– Как пылинка на ветру, значит.
– Да я не одна. У меня сыну восемь.
– Безмужняя?
– Был, да сплыл. Нет подходящего, остаются только приходящие.
– И много таких было-приходило?
– Тебе, что ли, интересно? Мне – нет. Считала, да счёт потеряла. Вспоминать – сердца не хватит.
– Будто бы каждого любила?
– А как же иначе?
– Тогда ты, Марья, выходит, героическая женщина на любовном фронте. Тебе положена медаль и песня по заявке.
Она стеснительно улыбнулась, собрала на лбу упругие валики, и сначала её прозрачная тонкая кожа на лице порозовела, а потом накалилась, став пунцовой. Она, видимо, поняла, что сказала лишнее. Боева поразила эта способность взрослого человека пылко, по-детски, краснеть, в сочетании с самоубийственной искренностью.
Гитара лежала на кровати, оставалось только руку протянуть – и вот она уже на коленях Боева.
Вооруженный ею, он осмелел.
– Тогда я тебе, Марья, так прямо и скажу: «Что верно, то верно, – нельзя же силком бабёнку тащить в кровать. Её надо сначала угостить пивком, а потом ей на гитаре сыграть».
– Правильно! – вызывающе откликнулась она.
– Только предупреждаю: у меня все песни про войну.
И он, пощёлкивая ногтем по трём тонким струнам, тихо запел:
Я в Чечне отбыл и домой свалил,
В Архаре гулял беспробудно.
А он остался там: он войну любил.
И она его – обоюдно…
Я в «завязке» был и в «комке» сидел,
лохов нагревал – не стеснялся.
Он чечен мочил, это он умел.
А орден получил – не зазнался…
Я нырнул и всплыл – баксов раздобыл,
бизнес-тур в Гонконг провернули.
А он из «этих» был, он Россией жил,
и за неё в горах лез под пули…
Мне от «бабок» – кайф, третий день загул
на колёсах «форда» – не хило!
А ему лежать в роще на Быку,
под крестом дубовым – могила…
Она сокрушённо кивала, вздыхала и долго молчала, прежде чем произнести:
– А про любовь, значит, не можете?
– Во-первых, мы давно на «ты». Во-вторых, про любовь может всякий. В-третьих, про любовь лучше прозой.
Он переволок стул к ней, сел рядом и обнял.

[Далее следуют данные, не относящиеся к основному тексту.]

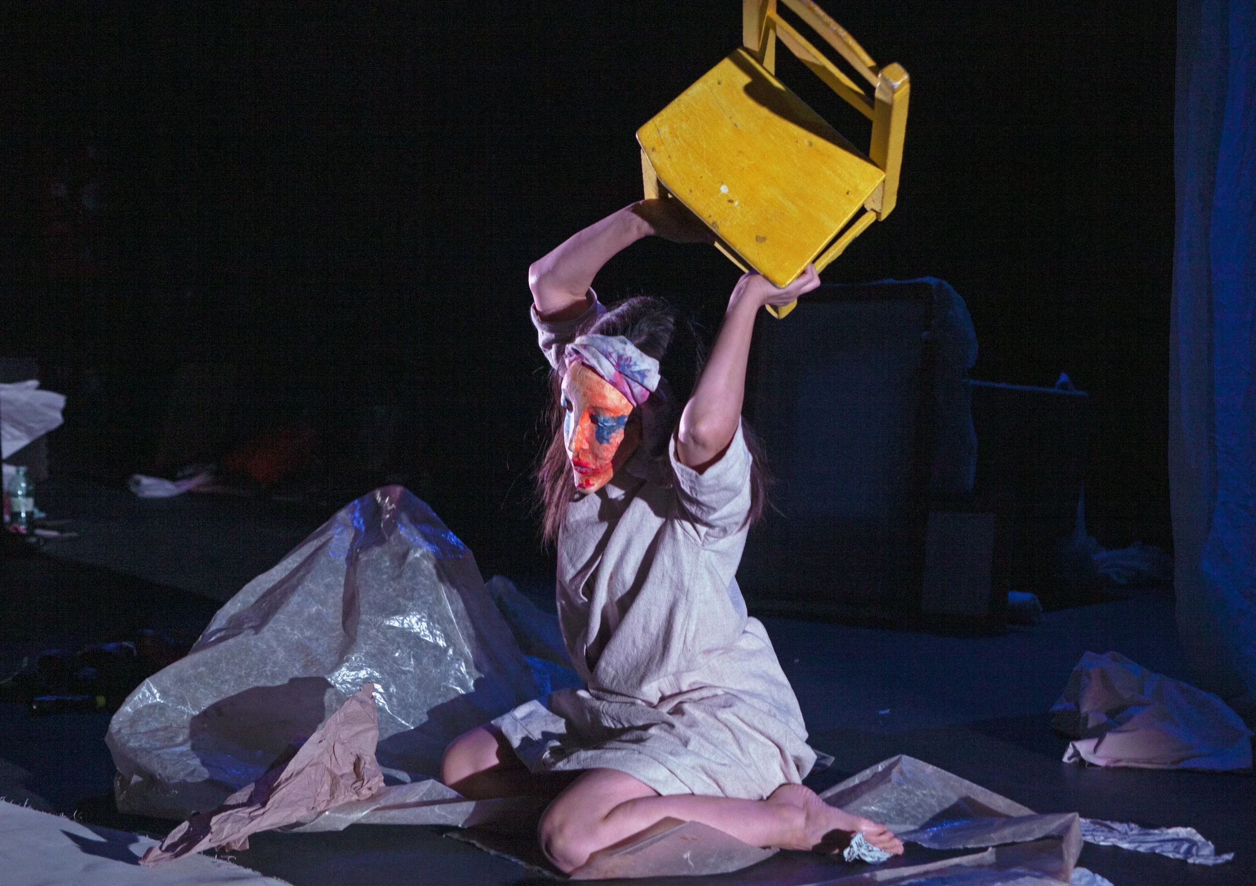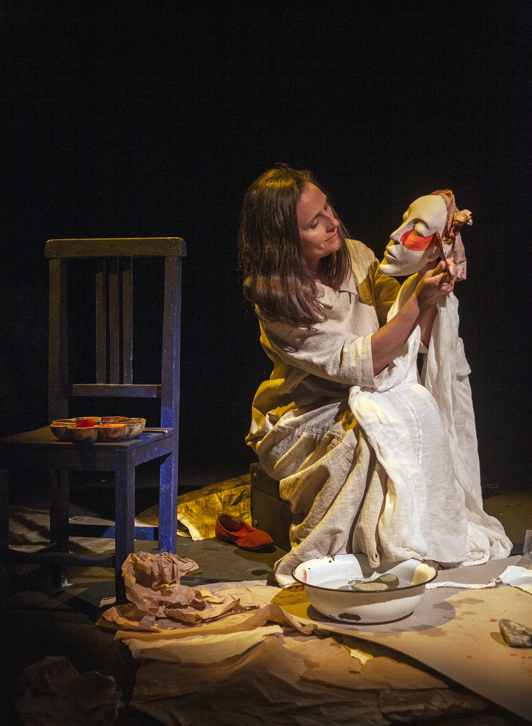 El eje escénico es la maleta que Charlotte entrega antes de morir: un contenedor de vida comprimida en color. Desde ella se despliega la acción: dos actrices-narradoras manipulan títeres, objetos y máscaras mientras una pintora-actriz da vida en directo a escenas proyectadas sobre una pantalla translúcida. Las pinceladas se amplifican mediante cámaras y mapping, generando un diálogo constante entre lo tangible y lo proyectado, entre memoria e imaginación.

– Ну вот, Марья, давай теперь про любовь. Как ты думаешь, получится у нас?
– Конечно получится.
– Гляди, какая самоуверенная!
Он касался губами её щеки, будто на вкус и мягкость пробовал, а она словно считала про себя эти прикосновения, и, насчитав известное только ей, нужное количество, повернулась и поцеловала его – сначала поверхностно, будто только пригласила в гости, а потом и в дом пустила.
Всё происходило молча, без слов. Спустя некоторое время у Боева опять была готова шуточка для Марьи, лежащей с ним под одеялом, уже на языке было: «Ты не только в реанимации, но и в этом деле тоже специалист, оказывается».
Но сказалось другое:
– Между прочим, на этой кровати я был зачат. Так что смотри, как бы и тебе не понести.
– Хорошая кроватка, – сказала она.
До утра в комнате мерцал ночной весенний свет – водянистый, дымчатый, без теней. В доме выстыло, и с рассветом на свежий взгляд вся убогость столетнего строения выперла наружу – давно не крашенные рамы, мутные стёкла, щелястый пол и, главное, уродливая печь, как в какой-нибудь охотничьей избушке.
Казалось бы, и женщина, Марья эта, должна была на утро после утоления желаний показаться Боеву под стать дому – бесхозной, подержанной, приблудной, в коих преображаются по утрам даже красавицы. Но неказистая Марья завораживала умопомрачительной подвижностью своей, какой-то пылкостью. Любопытно было Боеву из-под одеяла следить, как, сметав посуду со стола в таз, она быстро, с грохотом, помыла её, а разбив одну тарелку, страшно огорчилась. Как потом мощным кивком головы она закинула гриву вол ос за спину. Туго и беспощадно, как мешок с картошкой, затянула пояс на кофте. Всунула ноги в свои резиновые сапоги и так сильно притопнула каблуками, что песок с потолка посыпался.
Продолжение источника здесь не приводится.